From the first line to the last, copy the material word for word; pictures stay out.

(The data):
====================

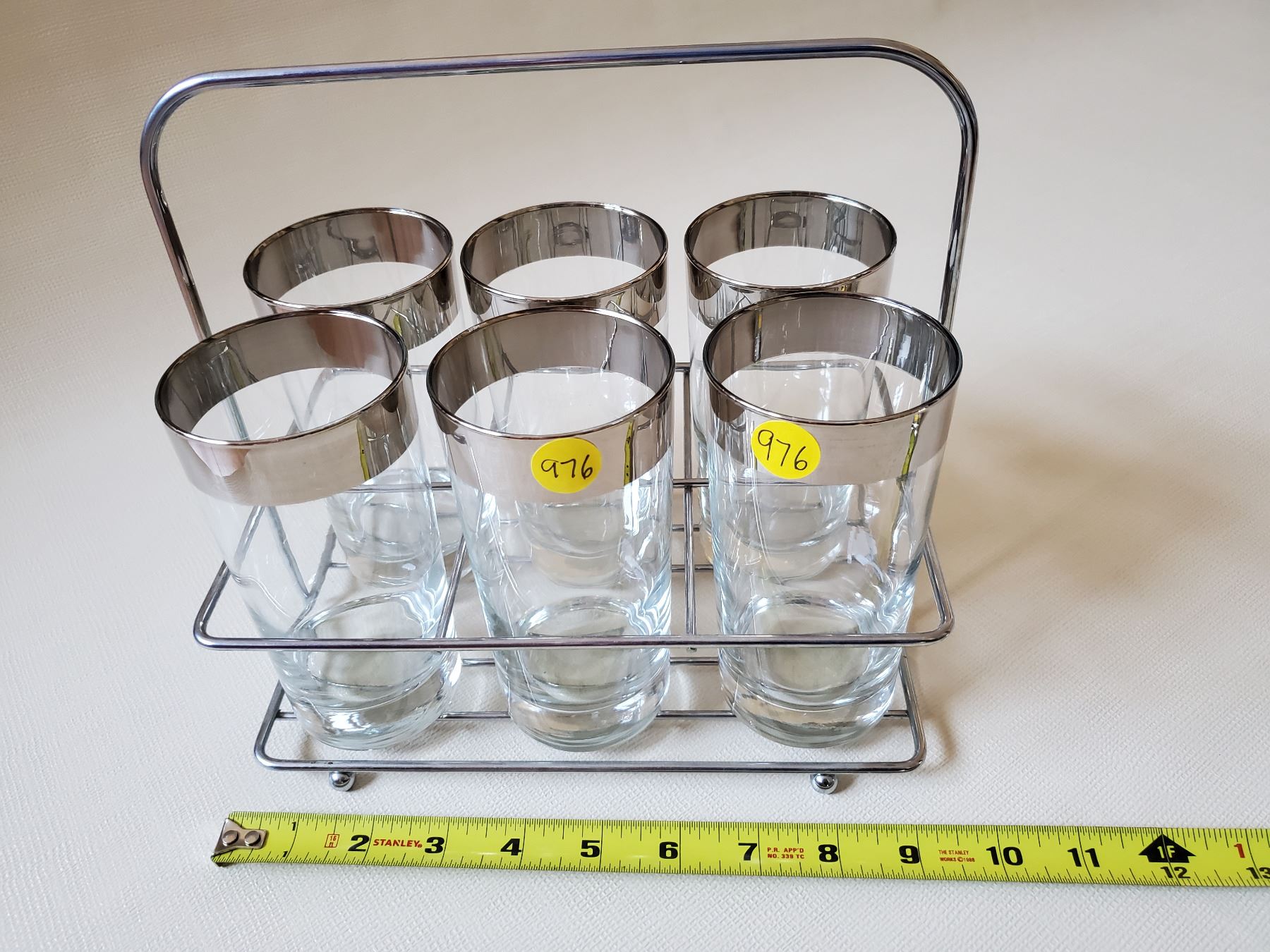 Vintage 10oz Highball Cocktail Glasses Caddy Set
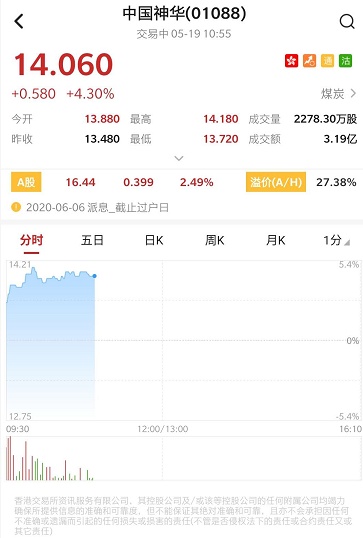 智通财经APP获悉,中国神华(01088)公告称,首四月商品煤产量9660万吨,同比增长1.3%;煤炭销售量1.299亿吨,同比增长4.9%。4月份商品煤产量2220万吨,同比减少7.1%;煤炭销售量3150万吨,同比增长68.4%。截至发稿,中国神华涨4.3%,报14.06港元,成交额3.22亿港元。
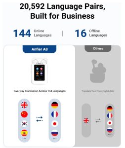 原价$259.99! Anfier A8 搭载AI 技术,支持 144 种语言及口音 实时互译,支持16种主流语言离线使用,无需连接手机App独立使用。内置ChatGPT AI助手,支持耳机翻译及外放翻译,0.5 秒极速响应。配备高通芯片,2英寸触摸屏,支持MP3 & MP4。单次充电支持 5 小时持续翻译,配合充电盒总续航达 35小时,90 分钟即可满电复活。准确率高达 98%,且终身无订阅费!适合商务会议,留学旅行多种场景!

====================

(Exercise solution):
 Vintage 10oz Highball Cocktail Glasses Caddy Set
 智通财经APP获悉,中国神华(01088)公告称,首四月商品煤产量9660万吨,同比增长1.3%;煤炭销售量1.299亿吨,同比增长4.9%。4月份商品煤产量2220万吨,同比减少7.1%;煤炭销售量3150万吨,同比增长68.4%。截至发稿,中国神华涨4.3%,报14.06港元,成交额3.22亿港元。
 原价$259.99! Anfier A8 搭载AI 技术,支持 144 种语言及口音 实时互译,支持16种主流语言离线使用,无需连接手机App独立使用。内置ChatGPT AI助手,支持耳机翻译及外放翻译,0.5 秒极速响应。配备高通芯片,2英寸触摸屏,支持MP3 & MP4。单次充电支持 5 小时持续翻译,配合充电盒总续航达 35小时,90 分钟即可满电复活。准确率高达 98%,且终身无订阅费!适合商务会议,留学旅行多种场景!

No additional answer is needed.